Export declaration can be replaced by electronic note

By ETCO
31/05/2012

Source: Estadão (São Paulo - SP) - 29/05/2012

BRASILIA - The Export Declaration, which currently represents the beginning of the customs clearance of the goods, may be replaced by the electronic invoice. The idea that has been discussed between the Federal Revenue Service and the States is to simplify and streamline the process for the Brazilian exporter, reducing the volume of declaration issued or even ending the document requirement altogether.

“We can make the electronic invoice more robust, adding some additional information that is of interest to the State for the control of the State, such as the tax classification”, explained the Under Secretary for Customs and International Relations of the Federal Revenue, Ernani Checcucci. “With that, we can dispense with the declaration or, if there is still a need to collect more information, take it for a monthly or even an annual declaration. I no longer have point-to-point control to have more significant structural control, ”he said.

The undersecretary said that the monitoring of the goods will be complemented with a more effective cargo control system, which is also being developed. Thus, the Revenue will accompany all the transport of the goods that will be exported, from the factory or producer exit to the port or to the border of the country.
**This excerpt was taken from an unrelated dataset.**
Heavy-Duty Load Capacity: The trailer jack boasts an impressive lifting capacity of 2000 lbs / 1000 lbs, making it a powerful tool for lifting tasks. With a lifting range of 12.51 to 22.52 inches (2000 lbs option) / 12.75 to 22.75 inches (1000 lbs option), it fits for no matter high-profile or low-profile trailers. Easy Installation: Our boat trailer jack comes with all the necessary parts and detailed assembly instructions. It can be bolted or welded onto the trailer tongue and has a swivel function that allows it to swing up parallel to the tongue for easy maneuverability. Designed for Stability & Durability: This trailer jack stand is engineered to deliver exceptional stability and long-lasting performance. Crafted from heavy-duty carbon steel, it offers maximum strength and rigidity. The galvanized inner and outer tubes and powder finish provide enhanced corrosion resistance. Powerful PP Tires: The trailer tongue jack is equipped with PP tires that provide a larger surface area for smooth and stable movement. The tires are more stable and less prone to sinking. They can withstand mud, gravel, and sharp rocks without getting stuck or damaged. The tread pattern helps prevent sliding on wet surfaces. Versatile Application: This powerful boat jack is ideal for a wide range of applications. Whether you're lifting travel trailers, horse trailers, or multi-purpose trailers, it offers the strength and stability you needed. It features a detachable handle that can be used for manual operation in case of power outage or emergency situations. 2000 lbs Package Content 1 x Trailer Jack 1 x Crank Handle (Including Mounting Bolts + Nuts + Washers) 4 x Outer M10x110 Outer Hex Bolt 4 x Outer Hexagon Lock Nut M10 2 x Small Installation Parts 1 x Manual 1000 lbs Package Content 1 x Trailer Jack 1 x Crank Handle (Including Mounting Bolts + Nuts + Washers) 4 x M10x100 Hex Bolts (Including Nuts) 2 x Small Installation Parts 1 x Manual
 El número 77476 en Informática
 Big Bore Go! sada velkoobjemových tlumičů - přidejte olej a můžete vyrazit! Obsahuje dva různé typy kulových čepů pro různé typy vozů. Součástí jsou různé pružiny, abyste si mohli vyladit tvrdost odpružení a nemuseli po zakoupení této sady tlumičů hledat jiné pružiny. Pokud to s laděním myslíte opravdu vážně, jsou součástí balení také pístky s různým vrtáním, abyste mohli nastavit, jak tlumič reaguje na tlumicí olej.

“We would have an export authorization decision process based on cargo control and electronic invoice information. With that, it could simplify and, up to the limit, eliminate the Export Declaration and ensure that the merchandise effectively left the country, ”he said.

Checcucci said he still has no deadline to make the changes, but he assured that there is already an agreement with the states. "We are in a well-evolved discussion process," he guaranteed. Only Pernambuco has not yet adhered to the electronic invoice.

Siscomex

Another change under study to streamline customs clearance of goods is the evolution of the Foreign Trade System (Siscomex) to a more modern platform. Checcucci said that the proposal is to create a single data entry portal that can be used by all agencies that need, in some way, to consent to foreign trade operations.

“Siscomex does not meet the expectations of all consenting parties, who have developed parallel systems. The idea is that we start looking at the other consentors and, in a process of partnership and cooperation, see how the IRS can contribute to these control agencies ”, he explained.

Seventeen government agencies exercise some kind of control over foreign trade, such as the National Health Surveillance Agency (Anvisa) and the Ministry of Agriculture. The high number of consentors in the process is a bureaucratic barrier that the government has been trying to break down for years.